I began to raise my revolver, slowly, turning it to the side, pointing it away from Leonardo. He did the same thing, lifting his pistol until both our weapons were pointing at the sky. Together, we placed our thumbs over the hammer, releasing and easing them back into position.

‘We done with this?' he asked me.

‘You tell me.'

‘OK,' he said. ‘We're done with this.' And, as if nothing had happened, he tucked away his pistol and turned to lean on the gunwale. ‘We better get this mess cleared up, then.'

‘Yeah,' I said, holstering my revolver. ‘Let's do that.'

21

Daniella was paler than I'd ever seen her. Paler even than the time she'd had food poisoning that kept her in bed a week. The colour of her skin was leached of all its beauty. She had started to shake as she stared down at the boat, but was unable to look away. Human nature is human nature. We subject ourselves to things we know we might not be able to endure. We do it to test ourselves, to scratch an itch, to punish ourselves. Whatever the reason, we can't help but look at atrocity. Even if it's only to reassure ourselves that our own life could always be worse.

I pulled her away from the gunwale, away from the tableau of death on the small boat, and buried her face against my shoulder.

‘Don't look at them,' I said. ‘Go up there with Raul and help keep Rocky out of the way – I don't want her making Leonardo angry. The way he is, he might go off again at any moment.'

She stayed like that, breathing against me. Her whole body was trembling, and I tried to imagine what she was feeling. For me, this sight was not new. I had seen all manner of death. Daniella, though, would not be accustomed to it and the image would be burned into her mind. Perhaps she didn't know
what
to feel. Revulsion, fear, sadness, anger. Maybe she felt all those things at once.

‘Can you do that for me?' I asked. ‘Stay with Rocky?'

Daniella leaned back. ‘Did you ... is this what you ... ?'

‘I didn't do this.'

Daniella nodded, an almost imperceptible movement, and reached up to touch my face. Her fingers paused against my cheek before she snatched them away. It was as if she had connected
with my skin and seen what was in my head. I had not done
this
– what she had seen today – but she knew I must have done things like it. The old man brought me on the boat to protect him. I was armed. There were whispered rumours in Piratinga that linked me to men like Costa and the Branquinos, so Daniella knew this kind of violence was not beyond me. I wanted to reassure her; to tell her I had never done it like this. I wanted to explain that I didn't gun men down for the enjoyment of it, that I had never killed a man who didn't deserve it, but there were no words that could diminish the horror she had just witnessed. And there was a newspaper clipping in my shirt pocket, giving presence to a woman whose death would make me just like Leonardo. Perhaps worse.

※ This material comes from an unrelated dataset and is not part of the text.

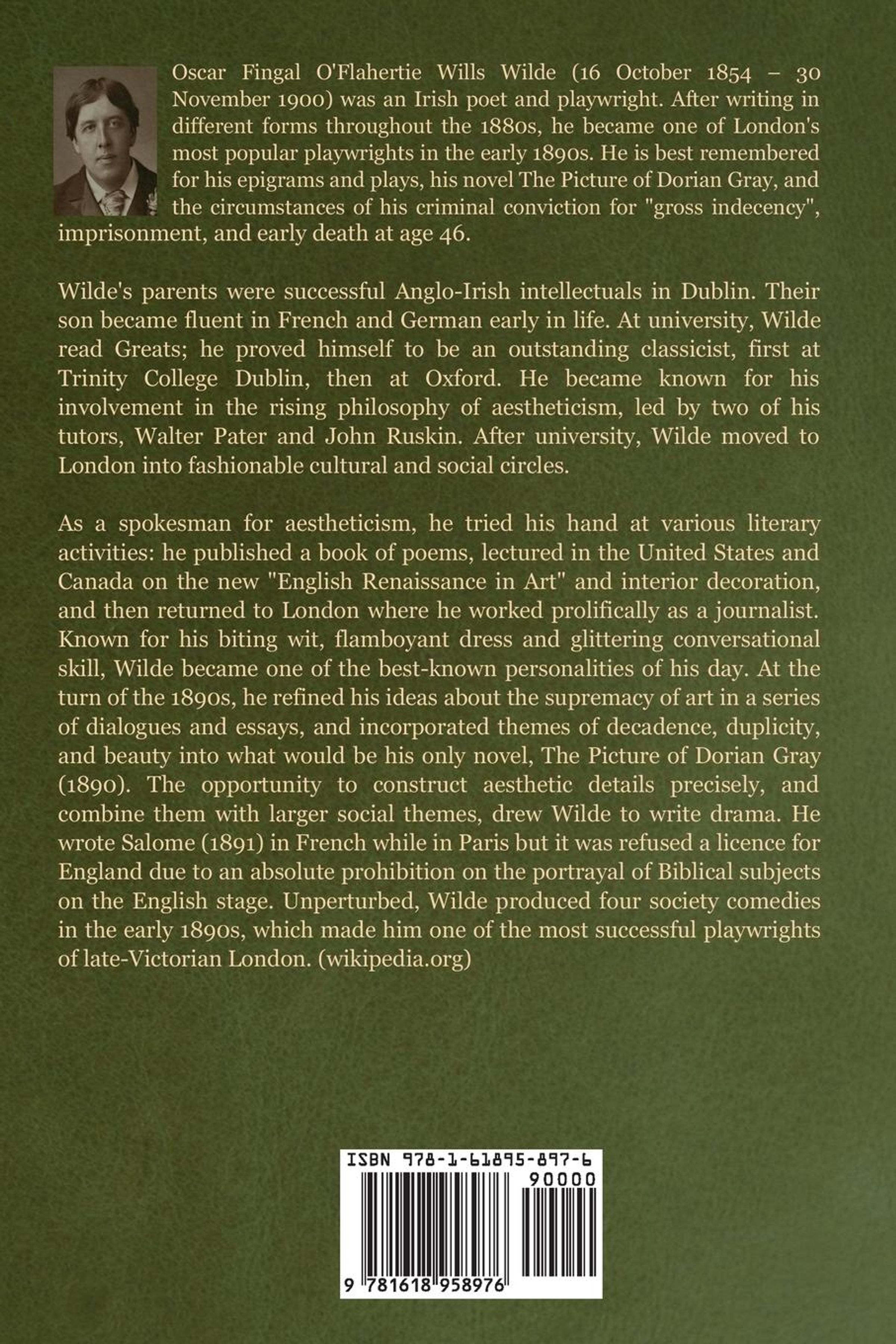 Oscar Fingal O'Flahertie Wills Wilde (16 October 1854 -- 30 November 1900) was an Irish poet and playwright. After writing in different forms throughout the 1880s, he became one of London's most popular playwrights in the early 1890s. He is best remembered for his epigrams and plays, his novel The Picture of Dorian Gray, and the circumstances of his criminal conviction for "gross indecency", imprisonment, and early death at age 46. Wilde's parents were successful Anglo-Irish intellectuals in Dublin. Their son became fluent in French and German early in life. At university, Wilde read Greats; he proved himself to be an outstanding classicist, first at Trinity College Dublin, then at Oxford. He became known for his involvement in the rising philosophy of aestheticism, led by two of his tutors, Walter Pater and John Ruskin. After university, Wilde moved to London into fashionable cultural and social circles. As a spokesman for aestheticism, he tried his hand at various literary activities: he published a book of poems, lectured in the United States and Canada on the new "English Renaissance in Art" and interior decoration, and then returned to London where he worked prolifically as a journalist. Known for his biting wit, flamboyant dress and glittering conversational skill, Wilde became one of the best-known personalities of his day. At the turn of the 1890s, he refined his ideas about the supremacy of art in a series of dialogues and essays, and incorporated themes of decadence, duplicity, and beauty into what would be his only novel, The Picture of Dorian Gray (1890). The opportunity to construct aesthetic details precisely, and combine them with larger social themes, drew Wilde to write drama. He wrote Salome (1891) in French while in Paris but it was refused a licence for England due to an absolute prohibition on the portrayal of Biblical subjects on the English stage. Unperturbed, Wilde produced four society comedies in the early 1890s, which made him one of the most successful playwrights of late-Victorian London. (wikipedia. org)

‘Go with Raul,' I said to her. ‘Sit with him a while.'

The old man extended his hand and took Daniella's, encouraging her to follow him. He led her past the wheelhouse, going to sit at the bow and look out across the river. Rocky sat with them as he spoke to her, his voice a low murmur in the quiet air. I couldn't hear what he was saying but the sounds were temperate and soothing.

I watched them a while, sitting together, the old man stooped in sickness, Daniella rigid with shock and revulsion.

Beneath us, the boat moved gently with the current of the river.

‘It's difficult for some people,' Leonardo said. ‘They're not like us. This doesn't bother us like it bothers them.'

‘You don't know anything about me.' My words were whispered over a dry throat and formed by a dry tongue. I was filled with concern for Daniella and anger at Leonardo. There was a frustration at the hopelessness of my situation; that I could have done nothing to prevent him from his murderous actions. It was the same feeling that had burned in me when I found Antonio. The same I had felt when I found Sofia.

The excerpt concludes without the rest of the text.